Cover Story: What now? - Landscape Management
Cover Story: What now?
SMART STRATEGIES TO SURVIVE AND PERHAPS EVEN PROSPER IN SPITE OF THE DELAY OR LOSS OF H-2B WORKERS


Landscape Management



7 survival tips
"It's going to be very disruptive in the start up phase," Haskett says. "Depending on when they get here, it could significantly affect our first mowing cycles. Our spring cleanups, mulchings, things like that we generally do in February and March into early April, are going to be disrupted. We're going to have to do them with temps, or we're going to have to start earlier and they'll run way late getting them done." He also expects his overtime budget to double for the first five months of the season. And even with those challenges, Haskett still considers himself fortunate.

"We're the lucky company. My agent told me they got a little more than half but not quite two-thirds of their visas through before the second cap for the April (arriving workers)," he says. "Somewhere between a third and a half of my agent's clients got nobody."

If you're one of those companies, what now?

Living without H-2B workers

Don't procrastinate. Start planning now if you're facing worker shortage.
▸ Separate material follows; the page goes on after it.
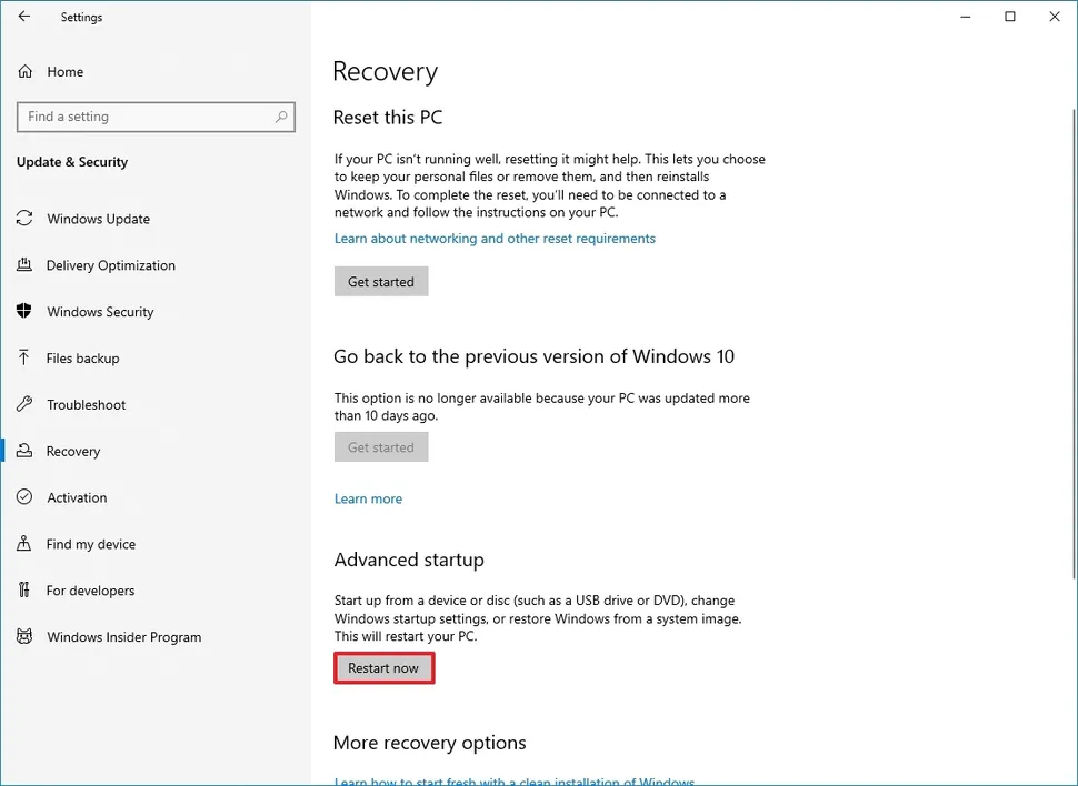 - En la sección Inicio avanzado, haz clic en Reiniciar ahora.

You have a short window of opportunity to work out your plan.

Start by assessing the potential damage to your company. View the situation realistically. For example, "I will lose two of my best grass cutting crews. Or I will lose three laborers on my pavers crew."

In addition to putting the "Help Wanted" sign in your window, consider these suggestions:


Today's landscape industry owes a lot to willing and trained H-2B workers.
1 Bulletproof your best customers, by doing their work first and giving them extra attention. If you haven't been tracking each client for profitability, shame on you. Go over your clients' accounts to better identify the "keepers." Do this before spring erupts.
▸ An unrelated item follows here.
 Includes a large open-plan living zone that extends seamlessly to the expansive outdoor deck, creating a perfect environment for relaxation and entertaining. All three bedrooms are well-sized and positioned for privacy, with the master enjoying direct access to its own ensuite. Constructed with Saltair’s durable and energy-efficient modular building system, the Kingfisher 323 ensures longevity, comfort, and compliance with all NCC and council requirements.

2 Focus on your most profitable service lines. If you've been struggling to make a particular service profitable, consider dropping it or selling it. There's no reason to be "dabbling" in a particular service if you're short staffed. If you feel it still has potential, add it back into your company at a future date.

3 Train like you've never trained before. Knowledgeable and well-managed crews perform significantly better than poorly trained and/or poorly supervised crews. As obvious as that is many companies still fail to provide employees even the most cursory understanding of what they're to do and neglect to set guidelines on how to do it efficiently and safely.

4 Reduce your workload by dropping unprofitable or troublesome customers. Almost all companies have at least a few marginal customers. They include perpetually late payers, whiners or they could be just outside of your company's service area, making them expensive to serve. You might have been better off passing them off to another service provider long ago anyway.

5 Do only the work that must absolutely be done, but do it well. Regardless of your circumstances, your word and reputation are still your most valuable assets. Will some of your clients let you postpone your most labor-intensive projects until you can get out of the hectic spring season? Are you confident enough about getting these projects done even then to offer a modest incentive to reward their patience?

6 Crunch time means longer hours, longer days. Remember when you started your business and worked six 10-hour days on a regular basis? (Perhaps you still do.) Can you count on your remaining employees or those you hope to add to work six 10-hour days to make up for your labor shortfall?

7 It might be time to consider raising prices to cover the rising cost of fuel and almost every other product or material you use. Yes, raising prices is a tough call. But overtime costs may force your hand because you will have fewer employees doing more production. Keep in mind, few of the small owner/operators in your market use H-2B workers, so they'll see your scaling back as an opportunity to pick up some of your business. The same goes for larger established companies that have their full compliment of labor. Combat this by doing great work and stressing value, value, value.

8 Mechanize for more efficiency. This doesn't mean going out and buying equipment that you may use occasionally. It may not mean buying, at all, but rather leasing or renting. Resist impulse purchases. Unfortunately, there's no piece of commercial equipment yet that can mow a property, load itself onto a truck and go on to mow the next property. The same goes for stick trimming and cleanup. But tasks like mulching and most construction tasks can be done more efficiently with the right equipment.

9 Unload your junk. How about unused or rarely used equipment in your maintenance yard? Is it just taking up space? The same goes for unproductive or unreliable employees? Are they just taking up space and, worse yet, costing you money? It's tough shedding people when you're already short-staffed? But it's worse to carry dead weight or a troublemaker.

10 Get the "help wanted" word out. The slowdown in the construction trades means there is a growing supply of work-tested employees without regular paychecks. How can you make your job descriptions attractive to them? Chances are you'll have to pay them more than you used to paying.

The ripple effect

Unfortunately, the labor shortage that many companies expect will create a big ripple in the entire industry — from customers to product manufacturers.


Items to include in your emergency plan
"I talked to a mowing dealer who said that 90 days ago he had $750,000 in advance orders for equipment," Haskett says. "He said more than half of that has been cancelled in the last two weeks. I had two trucks on advance order. I have cancelled those. I had some equipment, a trailer and all the associated equipment to go with that to set up a new crew. I've cancelled that.